Re: [syzbot] [integrity] [overlayfs] general protection fault in d_path
From: Amir Goldstein
Date: Sun Oct 01 2023 - 10:52:08 EST
On Fri, Sep 29, 2023 at 3:39 PM Stefan Berger <stefanb@xxxxxxxxxxxxx> wrote:
>
>
> On 9/29/23 00:25, Amir Goldstein wrote:
> > On Fri, Sep 29, 2023 at 3:02 AM Stefan Berger <stefanb@xxxxxxxxxxxxx> wrote:
> >>
> >> On 9/21/23 07:48, Christian Brauner wrote:
> >>> Imho, this is all very wild but I'm not judging.
> >>>
> >>> Two solutions imho:
> >>> (1) teach stacking filesystems like overlayfs and ecryptfs to use
> >>> vfs_getattr_nosec() in their ->getattr() implementation when they
> >>> are themselves called via vfs_getattr_nosec().
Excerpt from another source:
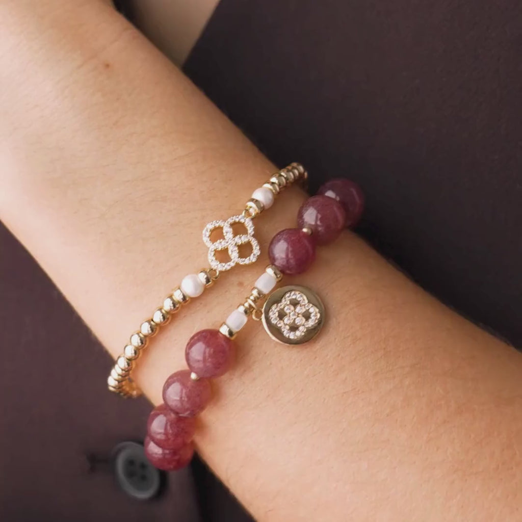 The bracelet in cherry quartz is enhanced with two mother-of-pearl inserts and a round charm featuring the Beblue rosette paved with zircons, bringing movement, sparkle, and light to your stack.
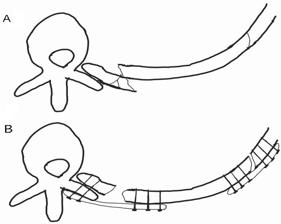 A graphical representation of SSRF for this case. (A) The medial rib close to the spine was comminuted and displaced with sharp edges facing towards the descending aorta. (B) The comminuted fragments were removed, and the broken rib medial segments were approximated as much as possible. However, due to muscular attachments along the rib, a floating portion could not be amended, and medial approximation, in turn, resulted in a dehiscence of the lateral fracture site.

This will fix this by
> >>> not triggering another LSM hook.
> >>
> >> You can avoid all this churn.
> >> Just use the existing query_flags arg.
> >> Nothing outside the AT_STATX_SYNC_TYPE query_flags is
> >> passed into filesystems from userspace.
> >>
> >> Mast out AT_STATX_SYNC_TYPE in vfs_getattr()
> >> And allow kernel internal request_flags in vfs_getattr_nosec()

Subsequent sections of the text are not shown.